My work on this included modifying that electric setup (tidying it up, mounting it to the pickguard, and making a new wiring harness that grounds and exits a jack at the tailpiece), regluing all the back binding (which had been sloppily-reglued before), regluing about a 1/3 of the back to the sides, a fret level/dress, bridge alteration (to clean-up some icky filing on the base), and a general setup. Two tuners also got some replacement button-mounting screws whose originals had disappeared at some point.

After work this has a really aggressive-but-deliciously velvet plugged-in tone, though the acoustic tone is wonderful as well. It's currently strung 49w-11, however, so I'm assuming that the acoustic tone would really wake up with some mediums -- though the intent here is to have this function as a "damn straight!" electric box.

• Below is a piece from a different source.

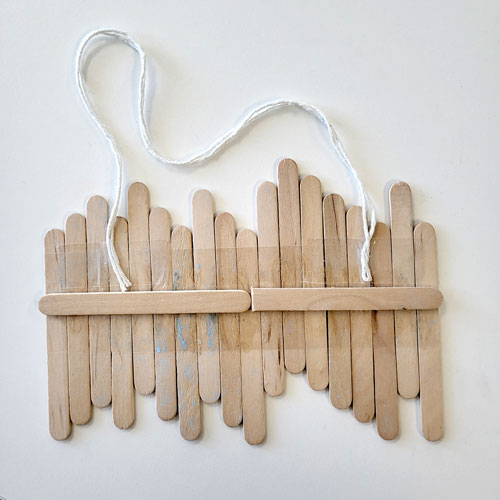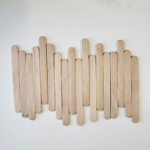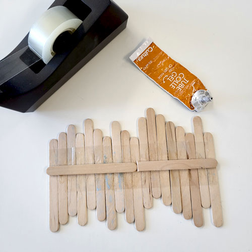 Retournez vos bâtonnets et mettez du scotch en horizontal pour qu’ils ne se détachent pas. Puis, collez deux bâtonnets perpendiculairement à la ligne de bâtons afin de solidifier le tout.

One really interesting note, by the way -- there's a metal rod that attaches from neckblock to endblock and was obviously installed at the factory. Along with that frequensator tailpiece, it adds a lot of reverb-like space to the tone which is quite cool. It also seems to have staved-off the need for a reset due to changing geometry. I personally think all guitars should have something similar, but the world disagrees with me!

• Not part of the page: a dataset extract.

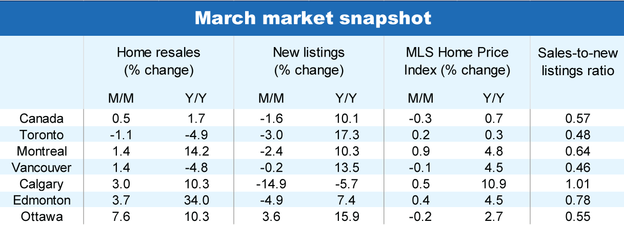 March brought a mixed bag of activity to Canada’s housing market. Resales continued to linger around February levels at the national level—still softer than activity that took place pre-pandemic.

I'm amazed that the original tuners survived so well. Did I also mention that this guitar is almost entirely original?


The pearl inlay in the rosewood board is classy and restrained.

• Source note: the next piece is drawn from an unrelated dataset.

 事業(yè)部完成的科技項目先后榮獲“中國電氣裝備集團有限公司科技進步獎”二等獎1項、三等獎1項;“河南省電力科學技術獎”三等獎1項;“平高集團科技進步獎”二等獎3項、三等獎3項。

One nice bit about these old DeArmonds is that you needn't modify the pickguard's profile to mount them. Because someone had already mucked-up the pickguard (see the control area), however, I didn't feel the need to worry about putting a hole in it to mount the pickup more securely. I've also taped it to the back of the guard for more support, too.


In its past life, the DeArmond "control pod" with this bakelite knob was attached directly to the pickguard and a Switchcraft jack was right next to the "E" logo. I removed the latter, added some tortoise backing to plug the hole, and installed a new 500k volume pot instead of the old 250k DeArmond pot. This gives a bit more high-end. After that the signal goes right to the endpin jack and the tailpiece grounds the strings out.

This is a lot more efficient and practical than the funky "monkey on a stick" standard mounting which can put the strings out of tune obnoxiously as they clamp to them behind the bridge.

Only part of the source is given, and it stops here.